The Shell and Shell Scripting
Most of us are pretty familar with the "UNIX shell". We use it, whether bash, sh, tcsh, zsh, or other varients, to start and stop processes, control the terminal, and to otherwise interact with the system.
Any, many of you have heard of, or made use of "shell scripting" -- the process of providing instructions to the shell in a simple, interpreted programming language.
In many ways the language of the shell is very powerful -- it has functions, conditionals, loops, for example. In other ways, it is weak -- it is completely untyped (everything is a string).
But, the real power of shell program doesn't come from the language but from the diverse library that it can call upon -- any program. Shell programming remains popular because it provides a quick and easy way to integrate command-line tools and filters to solve often complex problems.
The simplest scripts of all are nothing more than lists of commands. Consider the script below:
#!/bin/sh # A really simple script who am i # cs395 pts/3 Sep 8 12:11 (SUNW-KRB5-AUTH-DATA) date # Thu Sep 9 02:10:53 EDT 2004 pwd # /export/home/cs395/public_html/applications/ln
What to notice? Well, in general, anything after a # is a comment and is ignored by the shell. We see this used both as an entire line and next to each fo several lines, where it shows example output. The only exception is the one seen in the first line. This line tells the shell that started the scrip to invoke /bin/sh to run the script. This is necessary because different users might be using different shells: sh, csh, bash, zcsh, tcsh, &c. And these shells have slightly different languages and build-in features. In order to ensure consistent operation, we want to make sure that the same shell is used to run the script each time.
Aside: The various shells are more the same than different. As a result, on many systems, there is actually one shell program cabable of behaving with different personalities. On these systems, the personality is often selected by soft linking different names to the same shell binary. Then, the shell looks at argv to observe how it was invoked, sets some flags to enable/disable behaviors, and goes from there.
The bulk of this simple script is a list of commands. These commands are executed, in turn, and the output is displayed. The commands are found by searching the standard search path PATH. PATH is a : delimited list of directories which should be searched for executibles. Here's my search path:/bin:/usr/bin:/usr/local/bin:/usr/openwin/bin:/usr/ccs/bin:/usr/ucb:/etc:.
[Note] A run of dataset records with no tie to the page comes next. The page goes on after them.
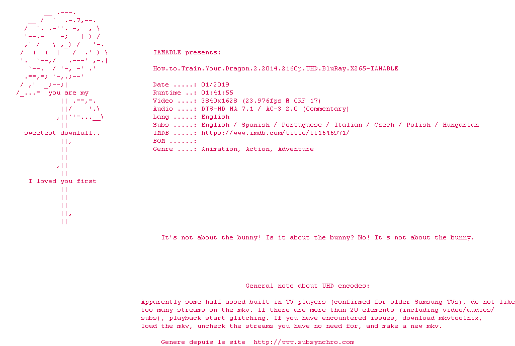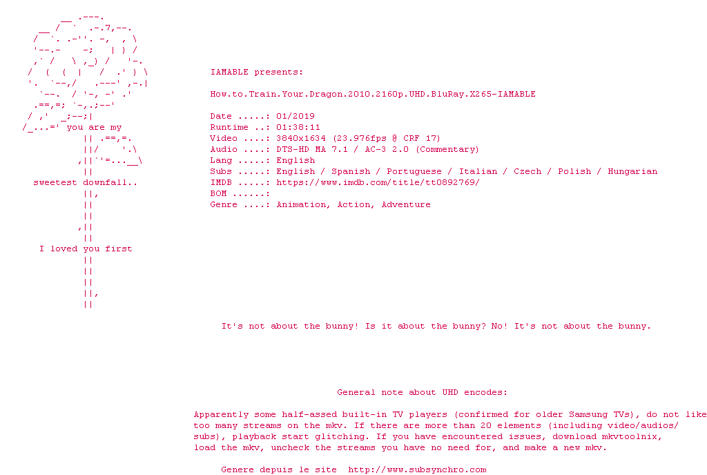 Voir le nfo de la release Suspiria.1977.RERIP.10bit.2160p.UHD.BluRay.x265-IAMABLE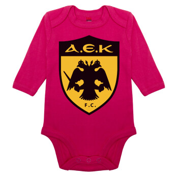 ΑΕΚ, Μακρυμάνικο βρεφικό φορμάκι, 0-18 μηνών, ΡΟΖ, 100% Organic Cotton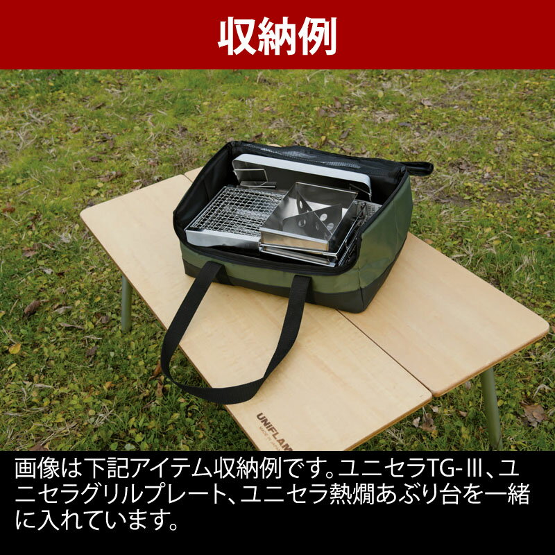 仕様/規格●材質:ポリエステル・PVC(底面)●サイズ:約375×260×180(高さ)mm●重量:約700g●生産国:中国カラーカーキグリーンメーカー品番615065商品説明●ユニセラとオプションが一緒に収納可能●ユニセラTG-III本体と、熱燗炙り台やリッド、鉄板などの周辺オプションが一緒に運べます。●底面は汚れに強いPVC加工。商品属性●カラー:[ グリーン系 ]関連ワード●キャンプ用品 ベランピング おうちキャンプ用品 調理 ソロ ユニセラ用オプション 収納ケース 収納バッグ バッグ ケースジャンル識別情報:/g1030/g205/g306/m122/※納期表示のご説明はこちら卓上グリルとして優秀なユニセラがピッタリ入り、更にオプションパーツも入る便利なケース。春夏は鉄板とリッドを持って行って贅沢に鉄板焼きをしたり秋冬は熱燗炙り台を持って行ってしっぽり楽しんだり…ユニセラの楽しみがさらに広がりそうです!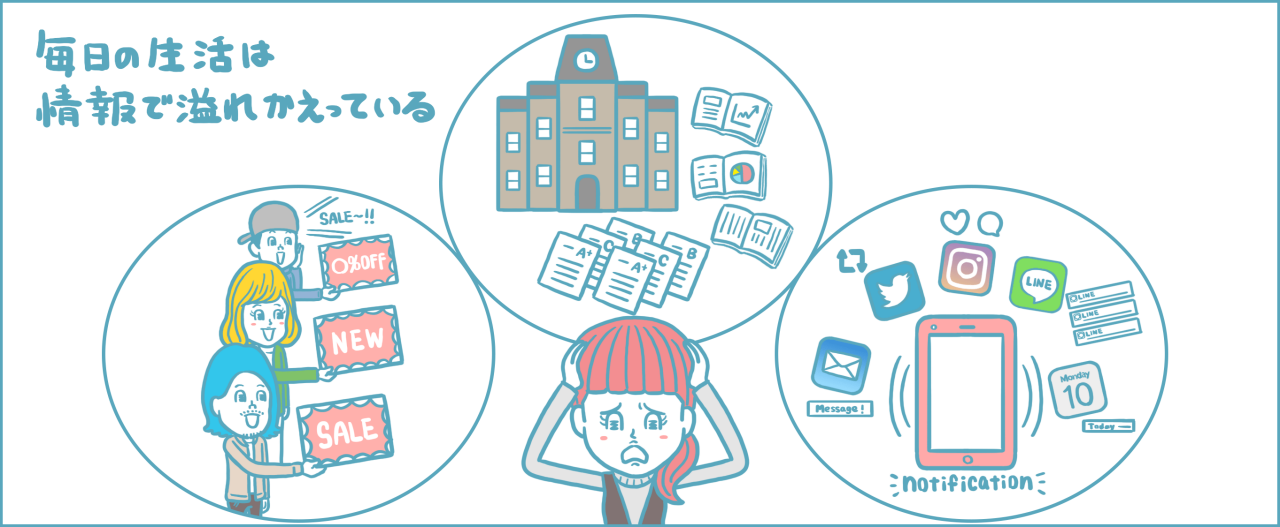 例えばスマートフォンからの情報を考えると、ニュースをはじめ、TwitterやInstagramなどのSNS、友人からLINEで送られてくるYoutubeの動画、ゼミの先輩からシェアされた就活関連サイト、一度利用しただけの通販サイトのメールマガジン、...。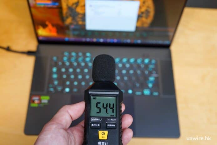 ▲而在一間底噪為 45dB 的房間中,電腦全速運作時噪音也只升到約 58dB,可說是不太嘈吵的音量,在電競手提電腦來說表現相當不錯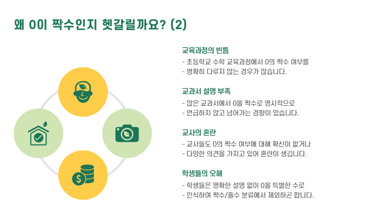 초등학교 교과서 등에서 0의 짝수 여부를 명확히 다루지 않는 경우가 많아, 학생들이 혼란을 겪는 경우가 많습니다.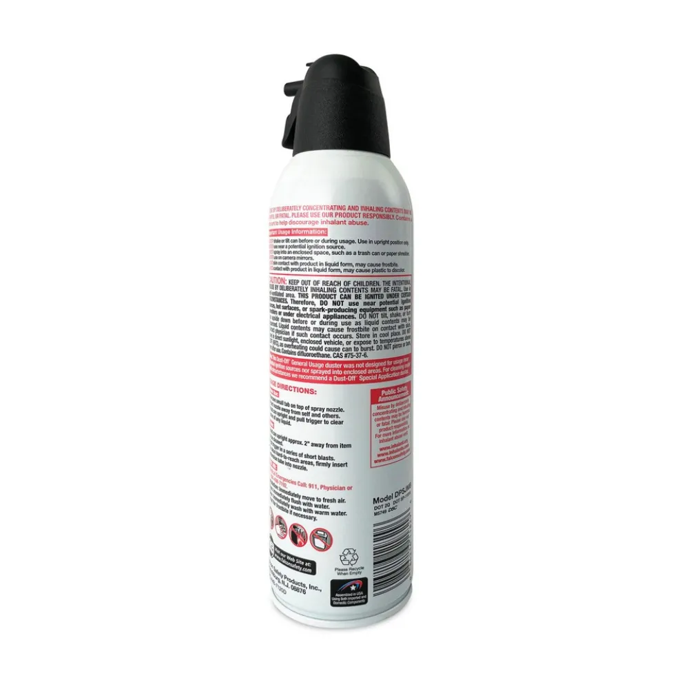 Dust-Off disposable dusters provide potent dust-removing power for practically any task. Ideal for cleaning technology like keyboards, laptops and CPUs. But it’s not just for electronics! Dust-Off dusters are also great for cleaning items in the home such as collectibles, window blinds, lamp shades, craft projects and sewing machines. Each duster includes extension tube to get in hard-to-reach places. Contains a bitterant to help discourage inhalant abuse.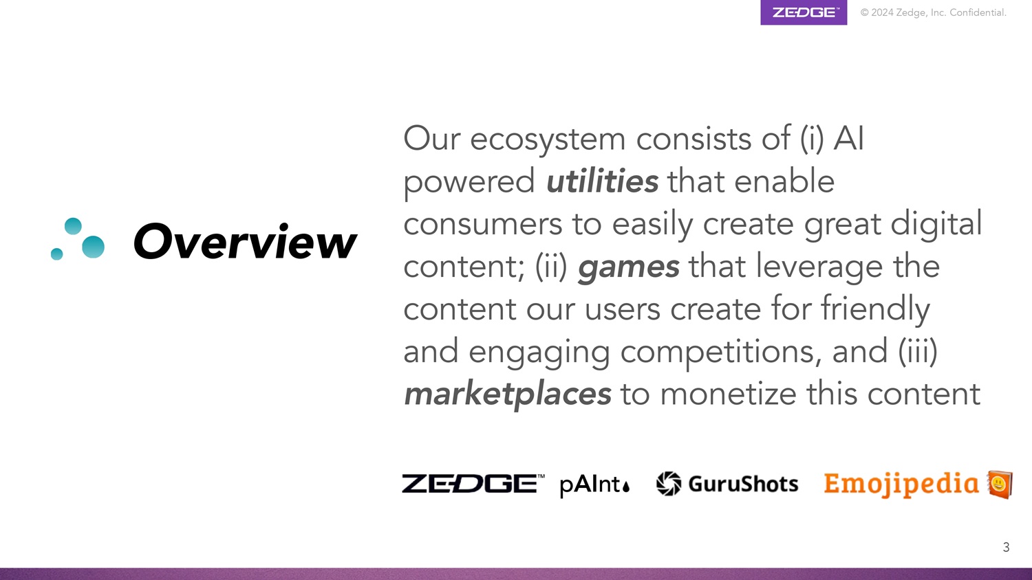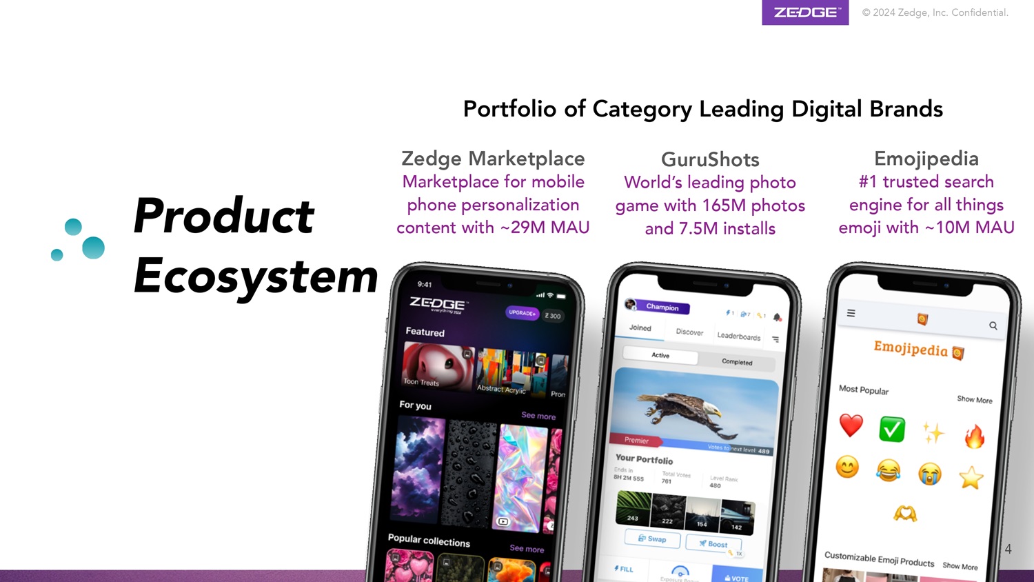 © 2024 Zedge, Inc. Confidential. Overview Our ecosystem consists of (i) AI powered utilities that enable consumers to easily create great digital content; (ii) games that leverage the content our users create for friendly and engaging competitions, and (iii) marketplaces to monetize this content p AI nt 3

The command which, used as in which ls, will tell you which version of a command is bneing executed. This is useful if different versions might be in your search path. In general, the search path is traversed from left to right.
Aside: Notice that ".", the current working directory, is the last directory listed. This should almost certainly be the case. Placing it first is dangerous. And, I've got a personal story on this one. When I was a freshman, student UNIX accounts were created with this path incorrect -- and "." placed first.
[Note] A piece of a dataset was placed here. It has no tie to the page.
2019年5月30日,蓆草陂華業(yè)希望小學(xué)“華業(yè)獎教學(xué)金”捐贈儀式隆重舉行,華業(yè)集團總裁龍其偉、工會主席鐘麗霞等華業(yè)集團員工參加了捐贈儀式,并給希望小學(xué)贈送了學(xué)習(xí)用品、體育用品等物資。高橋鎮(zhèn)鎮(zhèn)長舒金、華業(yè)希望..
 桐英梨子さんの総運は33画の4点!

This led to a collection of people putting bogus "ls" and "cd" commands into their home directories. These commands would appear to work -- but also send off an email to the system admin, "I've been a bad boy snooping around in other peoples directories. Please punish me severely."
Curious freshman would wander around the directory space, including the homes of others -- silently annoying the system administrators. No doubt, they wanted someone punished severely!
PATH discussed above is one example of a variable. It is what is known as an environment variable. It reflects one aspect of the shell environment -- where to look for executibles. Changing it changes the environment in which the shell executes programs. Environment variables are special in that they are defined before the shell begins.
Environment variables, like most other variables, can be redefined siply by assigning them a new value:
And, they are evaluated (their value is examined, using the $operator, as below:
echo $PATH PATH=$PATH:/usr/local/apache/bin:. echo $PATH
To create new variables, you simply assign them a value:
echo $GREGS_CAR GREGS_CAR="Tarus" echo $GREGS_CAR
All shell script variables are untyped (well, they really are strings) -- how they are interpreted often depends on what program is using them or what operator is manipulating or examing them.
Positionals, e.g. Command Line Arguments
Several special variables exist to help manage command-line arguments to a script:
- $# - represents the total number of arguments (much like argv)
- $0 - represents the name of the script, as invoked
- $1, $2, $3, .., $8, $9 - The first 9 command line arguments
- $* - all command line arguments
- $@ - all command line arguments
- "$@" - all command line arguments, where each argument is individually quoted.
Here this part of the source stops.